We selected this book based on some research and the fact that we have very busy/hectic lives - we both work full time and have two VERY active young children (as well as a perverse need for a few hours of sleep every night). So the whole 8 minutes thing really appealed to us. If we can't devote 8 minutes a day to our health then we should just throw in the towel and eat bon bon's and lard right out of the tub.
The program consists of:
- An inspirational "wake-up talk"
- kind of like a Tony Robbins pep talk every morning to get you motivated
- 8 minutes of strength training each morning
- a 28-day program of illustrated exercises using dumbbells, you focus on 2 muscle groups per day
- Build muscle mass and by doing it in the morning you increase your metabolism for the rest of the day
- Eating according to his "eating card" program
- focus is on a "healthy diet", including more "good" fats
- Lose about 2 pounds per week.. and keep it off.
- Cruise claims you will "change your shape and gain muscle mass and energy"

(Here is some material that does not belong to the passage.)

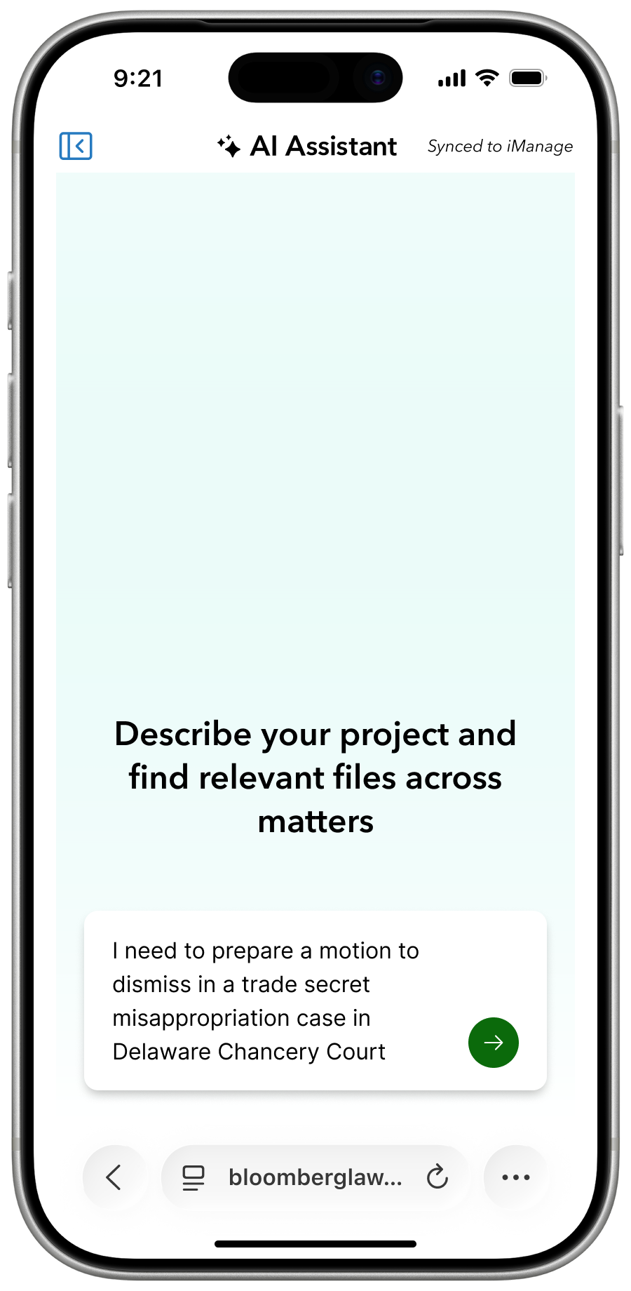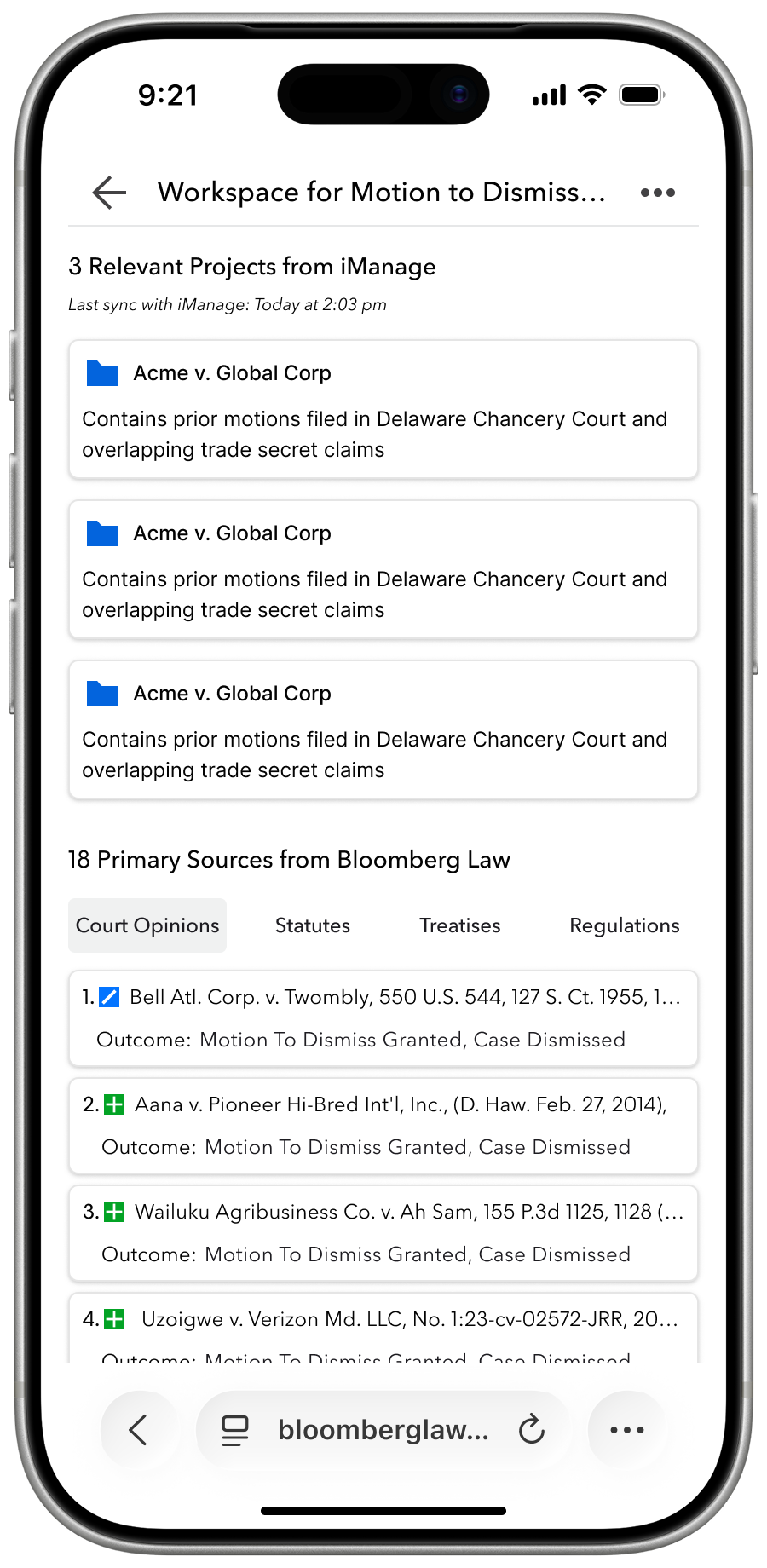 A single intent surfaces iManage matter history and ranked Bloomberg Law primary sources simultaneously. DMS integration is the biggest adoption hurdle for any legal AI tool. Solving it at the point of intent — rather than as a separate workflow — was a deliberate decision grounded in research.

Cruise explains that aerobic exercise (running, cycling, etc.) is great from burning calories while you are exercising, but adding muscle revs up your metabolism and burns fat throughout the day. In fact, every pound of muscle you gain burns and extra 50 calories per day.
The Eating Card Plan
Cruise's plan focuses on eating more complex carbs, high quality protein, vegetable and "good" fats (omega fats), while eating less dairy, fruits and "treats". He helps you do this by using an "Eating Card System" with specific portions of each food group you are allowed to eat each day.
This is one area where we are going to alter Cruise's plan a little as our family has been really focusing on "eating healthier" for a few years now. We have eliminated "trans fats" and high fructose corn syrup and have greatly increased our intake of vegetables and omega-3 fatty acids. We feel like we have a good handle on the "eating right" and just don't think the "card system" would work with two little ones running around.
As the healthy eating area is one that I feel we have learned a lot about the last few years, I am planning on adding some posts around this topic. Some ideas would be, the dangers of trans fats and high fructose corn syrup, benefits of grass fed beef, benefits of fish oil, etc. I can honestly say that if it was not for us changing our eating habits over the last few years I would easily be about 260 lbs. minimum.
While some of this may sound a little "granola" I think you will be amazed when you actually read some of the research around these topics.
Overall Thoughts on 8 minutes in the morning
At this point I think 8 Minutes is a great idea, but we will have to see what the results are at the end of this. Since the hardest part of any workout plan is starting and staying on it, the idea of it only taking 8 minutes is pretty motivating. What I am hoping is that after just doing the 8 minutes for a few weeks and "getting in shape" it will be much easier to do a little more and a little more.... and "suddenly" you can do 20 min.... 30 min.... and Bam! You are now in shape.
* I will try and come back and update this review as I get further into the program and have more results.